Girl with heart outside survives
British officials say a baby born with an extremely rare condition has survived three surgeries to place her heart inside her chest. Glenfield Hospital in Leicester said on Wednesday that baby Vanellope Hope was born in late November with her heart growing on the outside of her body. The unusual condition is called ectopia cordis. Dr. Nick Moore said the baby is in the hospital’s pediatric intensive care unit. He says “she has a long way to go but so far at least she now has a chance at a future.” Most babies born with this condition do not survive although there have been some cases in which surgery has been successful. Infection poses a severe risk to babies with this condition.
Vanellope, who was delivered three weeks ago in Leicester, was born with the extremely rare condition ectopia cordis, the BBC reports. Ectopia cordis is a congenital malformation in which the heart is abnormally located either partially or totally outside of the thorax. Vanellope’s parents, Naomi Findlay, 31, and Dean Wilkins, 43, from Nottingham, told the BBC that they were advised to terminate the pregnancy when ultrasounds showed the baby had no breastplate and her heart was outside her chest. “The chances of survival were next to none — no-one believed she was going to make it except us,” Wilkins said.

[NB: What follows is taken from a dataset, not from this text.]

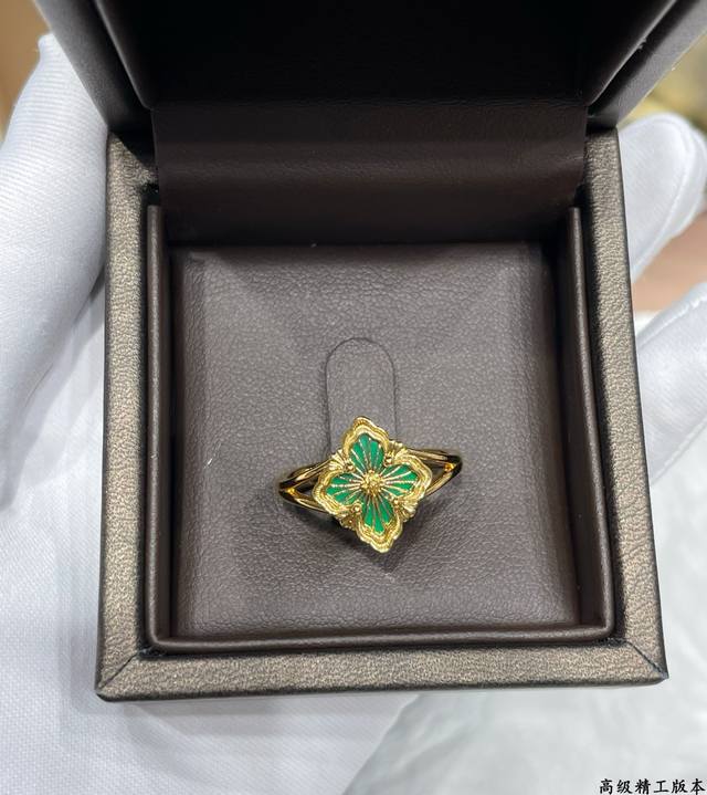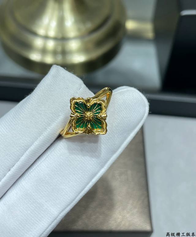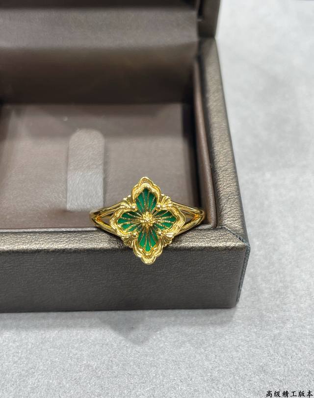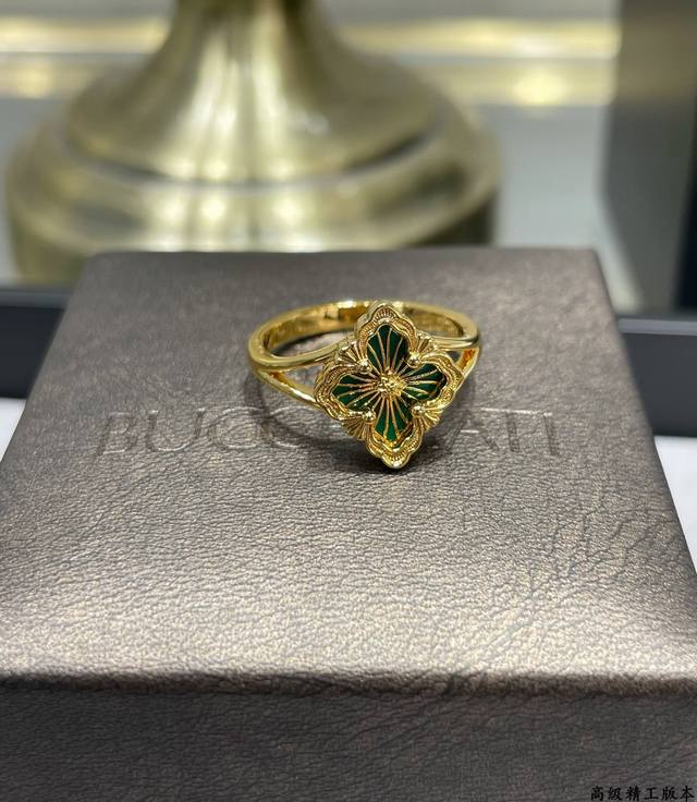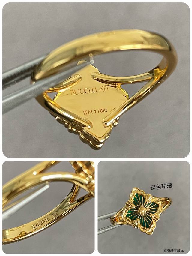 V Gold Size 5678 Buccellati Opera House Series Ring Green Enamel Retro Palace Style Four-Leaf Clover, so Italian style, the whole piece is exquisite and gorgeous and adds a sense of art. It uses Rigato parallel grain carving technology to create a unique satin craftsmanship. The geometric diamond shape exudes a sense of luxury from the inside out.

Vanellope is believed to be the first baby with the condition in the U.K. to survive, according to staff at the Glenfield Hospital where she is being treated, time.com reported. Babies born with ectopia cordis have just a 10% chance of survival. In the U.S., in recent years, there have been a few cases where babies have survived following surgery, including Audrina Cardenas who was born in Texas in 2012, and Kieran Veitz who was born in 2015, time.com added.